Il Referendum del prossimo 20 ottobre è una grande opportunità per condividere con i cittadini una scelta che spinga il Paese ad essere parte attiva di una dimensione sovranazionale, capace di esaltare la nostra dignità e la nostra sovranità di Stato e di assicurare più diritti, più libertà e più garanzie per il futuro dei nostri figli.

 

Il Congresso valuta e conferma la condizione di emergenza del Paese, di forte crisi del sistema economico ed i rischi per la tenuta dello Stato Sociale.

Il Congresso conferma le ragioni della scelta elettorale e di governo del Partito, che ha contribuito a costruire una maggioranza non tradizionale di fronte ad una situazione eccezionale; questo è stato possibile perché le liste di PDCS-NS, PSD ed AP hanno condiviso l’idea di un grande patto politico e sociale per la rinascita della Repubblica, nella convinzione che le grandi forze popolari hanno responsabilità particolari.

Il Congresso è convinto della validità della scelta, che costituisce elemento basilare dell’ azione politica del Partito ed impegna tutte le risorse del Partito nel perseguire gli obiettivi che sono stati condivisi con gli alleati.

 

Il Congresso impegna il Partito a dare concretezza alle scelte e ai programmi con il  concreto agire per dirigere il Paese verso nuove prospettive di ricostruzione e sviluppo nella convinzione che la situazione di crisi impone di assicurare gli equilibri nella finanza pubblica.
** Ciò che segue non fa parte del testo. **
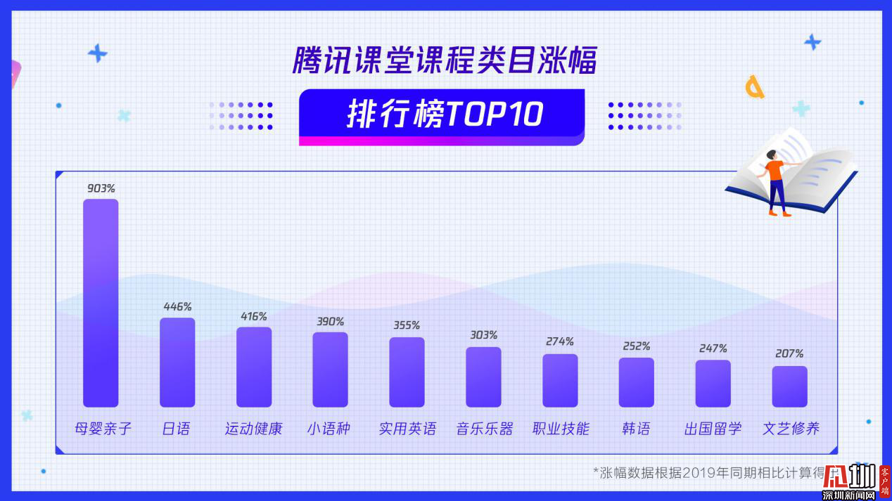 見圳客戶端·深圳新聞網(wǎng)2020年3月18日訊(見圳客戶端、深圳新聞網(wǎng)記者 劉夢婷)近日,在線職業(yè)教育平臺騰訊課堂發(fā)布數(shù)據(jù)報告:戰(zhàn)“疫”宅家期間,該平臺上課總時長提升3.5倍。同時,騰訊課堂還發(fā)布了最受歡迎課程類目(學(xué)習(xí)人數(shù))排行榜TOP10:職業(yè)技能、編程語言、建筑工程、互聯(lián)網(wǎng)產(chǎn)品、平面設(shè)計、實用英語、醫(yī)療衛(wèi)生、前端開發(fā)、設(shè)計軟件、繪畫創(chuàng)作。此外母嬰親子、日語、運動健康等課程學(xué)習(xí)人數(shù)同比漲幅均超過400%,成騰訊課堂增速最快類目,或成為未來在線職業(yè)教育新的增長點。IT互聯(lián)網(wǎng)就業(yè)類課程、工業(yè)產(chǎn)品設(shè)計類課程付費能力強,付費人數(shù)同比漲幅超過50%。

Il processo riformatore deve essere in grado di  garantire equità sociale, riconoscimento del merito, del primato del lavoro e dell’impegno rispetto alle posizioni di rendita, il diritto al lavoro, la salvaguardia delle tutele dello Stato Sociale adeguate ai tempi, la promozione di nuove opportunità per le imprese e per le nuove generazioni.

 

Il Congresso impegna il Partito ed il Gruppo Consiliare al massimo sforzo di proposta e di iniziativa per il raggiungimento degli obiettivi contenuti nel programma di Governo e ad attivare i più opportuni canali di comunicazione nella maggioranza al fine di favorire la condivisione, la pari dignità, la medesima capacità di ascolto e collaborazione, promuovendo un costante dialogo sociale.

 

Il Congresso ringrazia in particolare l’Ecc.ma Reggenza per il gradito messaggio augurale, ringrazia altresì i mezzi di comunicazione che ne hanno seguito i lavori con qualità e precisione e tutti gli amici ed i compagni che hanno contribuito al buon esito di questo 2° Congresso.